From: Ivan Voras <ivoras_at_freebsd.org> Date: Sun, 03 Oct 2010 20:24:27 +0200 · This archive was generated by hypermail 2.4.0 : Wed May 19 2021 - 11:40:08 UTC

On 10/01/10 10:54, Andre Oppermann wrote:
> On 30.09.2010 19:51, Ivan Voras wrote:
>> On 09/30/10 18:37, Andre Oppermann wrote:
>>
>>> Both the vmmap and page table make use of splay trees to manage the
>>> entries and to speed up lookups compared to long to traverse linked
>>> lists or more memory expensive hash tables.  Some structures though
>>> do have an additional linked list to simplify ordered traversals.
>>
>> The property of splay tree requiring *writes* for nearly every read
>> really is a thorn in the eye for SMP. It seems to me that even if the
>> immediate benefits from converting to something else are not directly
>> observable, it will still be worth doing it.
> 
> Fully agreed.
> 
>> It's a shame that RCU is still a patent minefield :/
>>
>> http://mirror.leaseweb.com/kernel/people/npiggin/patches/lockless/2.6.16-rc5/radix-intro.pdf
>>
> 
> I'm not convinced that RCU is the only scalable way of sharing a
> data structure across a possibly large number of CPU's.

Of course, it's just well understood currently.

> The term "lockless" is often used and frequently misunderstood.
> Having a lockess data structure *doesn't* mean that is either
> performant, scalable or both.  It heavily depends on a number
> of additional factors.  Many times "lockless" just replaces a
> simple lock/unlock cycle with a number of atomic operations on
> the data structure.  This can easily backfire because an atomic

Yes.

> operation just hides the computational complexity and also dirties
> the CPU's cache lines.  Generally on cache coherent architectures
> almost all of the atomic operation is in HW with bus lock cycles,
> bus snooping and whatnot.  While seemingly simple form the programmers
> point of view, the overhead and latency is still there.  Needless

Yes, you basically just offload the operation to hardware but the steps
it needs to make are the same in concept.

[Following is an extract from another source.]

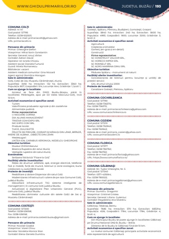 WWW.GHIDULPRIMARIILOR.RO JUDE%u021aUL BUZ%u0102U / 193COMUNA COL%u0162IAdres%u0103: nr.141Cod po%u0219tal: 127195Telefon: 0238-502501; Adresa de e-mail: primariacolti@yahoo.comURL: primariacolti.roPersoane din primarie:Primar: Gheorghe %u0218tefanViceprimar: Mihai Sorin ConstantinSecretar General: Ionu%u0163 V%u00e2rlanContabil: Adrian DavidOperator rol: Ionela ChivoiuAsistent social: Daniela Furtun%u0103Guard: Mirela RomanescuBibliotecar: vacantAsistent medical comunitar: Gina Nicoar%u0103Agent agricol: Romilica MoroganSate %u00een administra%u021bie:Col%u0163i, Col%u0163ii de Jos, Mu%u015fcelu C%u0103r%u0103m%u0103ne%u015fti, Aluni%u015fSuprafa%u021ba:%u00a0 3492 ha; Intravilan:%u00a0 132 ha; Extravilan:%u00a0 3360 ha; Popula%u021bia:%u00a0807; Gospod%u0103rii:%u00a0514; Locuin%u021be:%u00a0644; Gr%u0103dini%u021be:%u00a01; %u0218coli:%u00a01; Cum se ajunge in localitate:Accesul se face din%u00a0 DN10%u00a0 Buz%u0103u-Bra%u0219ov, p%u00e2n%u0103 %u00een localitatea%u00a0 P%u0103t%u00e2rlagele, apoi pe DJ%u00a0 Valea Sibiciului-Col%u021bi, %u00eenc%u0103 10%u00a0km.Activitati economice si specifice zonei:TurismValorificarea produselor agricole %u0219i din zootehnieAlimenta%u021bie public%u0103 Firme reprezentative: I.I NICOARE CORINADIA ALUNIS MANAGEMENTTRISTAR COM EXPO SRLNIC EXPO COM SRLProduse locale:%u021aUIC%u0102, DULCEAT%u021a%u0102FRUCTE DE P%u0102DURE, CIORAPI %u0218I M%u0102NU%u0218I DIN L%u00c2N%u0102, BR%u00ceNZ%u0102, MIERE DE ALBINA , OBIECTE DIN LEMNMe%u0219te%u0219ugari: UNTEA ION, CARABUS VERONICA, NEDELCU GHEORGHEObiective turistice:Muzeul ChihlimbaruluiBiserica Rupestra din satul Aluni%u0219Vestigiile rupestre din satul Aluni%u0219Evenimente:Serbarea folcloric%u0103 %u201cFloare la Col%u0163%u201dFacilit%u00e3%u0163i oferite investitorilor:Re%u021bea de drumuri asfaltate, ap%u0103, energie electric%u0103, telefonie fix%u0103%u00a0 %u0219i mobil%u0103, for%u021b%u0103%u00a0 de munc%u0103, terenuri %u0219i zone ecologice, buna colaborare cu autorit%u0103%u021bile localeProiecte de investi%u0163ii:Reabilitare %u0219i dotare Dispensar din satul Col%u021biModernizarea infrastructurii rutiere de pe raza Comunei Col%u021bi, jude%u021bul Buz%u0103uDezvoltare infrastructur%u0103 TIC( sisteme inteligente de management ) %u00een comuna Col%u021bi jude%u021bul Buz%u0103uActualizare %u0219i digitalizare Plan Urbanistic General (PUG), comuna Col%u021bi, jude%u021bul Buz%u0103uReabilitarea c%u0103minelor culturale din satele Col%u021bii de Jos %u0219i Muscelu C%u0103r%u0103m%u0103ne%u0219tiCOMUNA COSTE%u015eTICod po%u0219tal: 127200Telefon: 0238-536158; Fax: 0238-536158; Adresa de e-mail: primaria.costesti.buzau@gmail.comPersoane din primarie:Primar: Nicolae Gioab%u0103Viceprimar: Viorel ChivuSecretar: Nicoleta-Monica StanContabil: Elena-Daniela DumitruSate %u00een administra%u021bie:Coste%u015fti, Sp%u0103taru,%u00a0Pietrosu,%u00a0Budi%u015fteni, Gomoie%u015fti, Gro%u0219aniSuprafa%u021ba:%u00a0 5840 ha; Intravilan:%u00a0 240 ha; Extravilan:%u00a0 5600 ha; Popula%u021bia:%u00a0 4993; Gospod%u0103rii:%u00a0 1800; Locuin%u021be:%u00a0 3200; Gr%u0103dini%u021be:%u00a0 3; %u0218coli:%u00a02; Activitati economice si specifice zonei:Agricultur%u0103Cre%u015fterea animalelorComer%u0163 (en-gros %u0219i en-detail)Construc%u021biiFirme reprezentative:SC CONSTRUCT VALCOR SRL,SC HORECO IMPEX SRLSC ROMSELF SRLSC AGRO MARRINA DINU SRLObiective turistice:P%u0103durea Sp%u0103taru - monument al naturiiFacilit%u00e3%u0163i oferite investitorilor:Concesionarea de terenuri pentru locuin%u0163e %u015fi unit%u0103%u0163i de prest%u0103ri serviciiGAL drumul vinului 2000Proiecte de investi%u0163ii:Canalizare Coste%u0219ti, Pietrosu, Sp%u0103taruCOMUNA COCHIRLEANCACod po%u0219tal: 127190Telefon: 0238-736370; Fax: 0238-736370; Adresa de e-mail: primariacochirleanca@yahoo.comURL: www.comunacochirleanca.roCOMUNA COZIENICod po%u0219tal: 127210Telefon: 0238-750943; Fax: 0238-750943; Adresa de e-mail: primaria_cozieni@yahoo.comURL: www.primariacozieni.roCOMUNA FLORICACod po%u0219tal: 127377Telefon: 0238-782750; Fax: 0238-782750; Adresa de e-mail: primaria.florica@yahoo.comURL: https://www.comunaflorica.ro/COMUNA G%u0102LBINA%u015eIAdres%u0103: Str. Tudor Gheorghe, Nr. 5Cod po%u0219tal: 127240Telefon: 0371-425064; Fax: 0238-780022; Adresa de e-mail: primariagalbinasi@yahoo.comURL: www.comunagalbinasi.roPersoane din primarie:Primar: Dumitru%u00a0%u00a0Dragomir%u00a0Viceprimar:%u00a0Cristinel%u00a0Cristea%u00a0Secretar General:%u00a0Liliana%u00a0%u00a0GuteniucContabil: Magdalena Ana Silvestru%u00a0Sate %u00een administra%u021bie:G%u0103lbina%u015fi, T%u0103b%u0103ra%u015fi, BentuSuprafa%u021ba:%u00a0 7685 ha; Intravilan:%u00a0 570 ha; Extravilan:%u00a0 6832ha; Popula%u021bia:%u00a0 4126; Gospod%u0103rii:%u00a0 1784; Locuin%u021be:%u00a0 1784; Gr%u0103dini%u021be:%u00a0 4; %u0218coli:%u00a04; Cum se ajunge in localitate:Din Municipiul Buz%u0103u se poate ajunge %u00een localitatea G%u0103lbina%u0219i pe Drumul Na%u021bional DN2 B, Buz%u0103u %u2013 Br%u0103ilaDistan%u021ba de la Buz%u0103u la G%u0103lbina%u0219i fiind de 10 km.Activitati economice si specifice zonei:La nivelul comunei G%u0103lbina%u015fi principala activitate economic%u0103 este reprezentat%u0103 de agricultur%u0103.

>  a) make sure the lock is held for only a small amount of time
>     to avoid lock contention.
>  b) do everything you can outside of the lock.
>  c) if the lock is found to be heavily contended rethink the
>     whole approach and check if other data structures can be used.
>  d) minimize write accesses to memory in the lock protected
>     shared data structure.
>  e) PROFILE, DON'T SPECULATE! Measure the access pattern and
>     measure the locking/data access strategy's cost in terms
>     of CPU cycles consumed.
> 
>  f) on lookup heavy data structures avoid writing to memory and
>     by it dirtying CPU caches.
>  g) on modify heavy data structures avoid touching too many
>     elements.
>  h) on lookup and modify heavy data structure that are used
>     across many CPU's all bets are off and a different data
>     structure approach should be considered resulting ideally
>     in case f).
> 
> It all starts with the hypothesis that a data structure is not
> optimally locked.

This looks like material for a developer-centric wiki page :) There is a
lot of dispersed wisdom in this thread which would be nice if gathered
in one place.